Dear Poetry Magazine







Dear Editor, Poetry Magazine:


When I looked through the collection of magazines that the library I work at carries, considering suitable venues for my short, piercing, yet strangely rambling essays, I'll admit my eye skittered blindly past the cover of Poetry Magazine. But after composing dozens of hopeless letters to magazines ranging from Tropical Fish Hobbyist to Vanity Fair, none of them appropriate mediums for my work, I suddenly realized the one place my work really does belong is in your magazine.

I am a poet.

Everyday I light up the Internet with my beautiful, luminous prose poems. Do you know what the Internet says when I do?

"SHUT OFF THAT DAMN LIGHT!"

Yes, the Internet loves its darkness. Seeing as you're old and wise enough to be the editor of Poetry Magazine, I am surely safe in saying to you about the Internet: That sure didn't work out like we hoped!

But I digress.

Even though it took me awhile to notice that I write world class poems, you, a big time editor, were probably keenly aware of it before the first sentence of this letter was through.

"Boy!" You probably exclaimed. "This guy could write the wings off a chicken!

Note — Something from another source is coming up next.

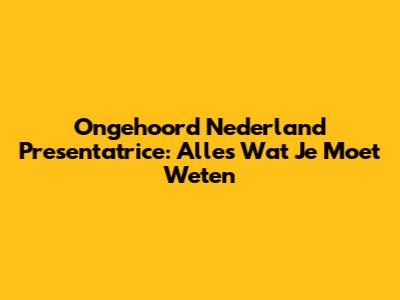 Ongehoord Nederland Presentatrice: Alles Wat Je Moet Weten

I can't wait to see what kind of crazy poetry he's got for me today!"

And here I must disappoint you.

I suspect that you are the only magazine in the world, with the possible exception of Catster Magazine (formerly Cat Fancy Magazine), who receives more submissions per issue than they have actual readers per issue.

I'm just saying I feel for you. So before you toss this letter on your giant "Have Read" pile, and before you pick up the next submission from your even taller, dreaded "To Be Read" pile, I make this pledge to you:

Even though my prose poems would be among the most earth shattering and wonderful work your magazine has ever published, I vow to do my part in balancing your books. I promise that I will never, ever, submit to you or your successors any work of any kind for publication in your magazine.

You have my word.

Signed and entered this day etc. etc.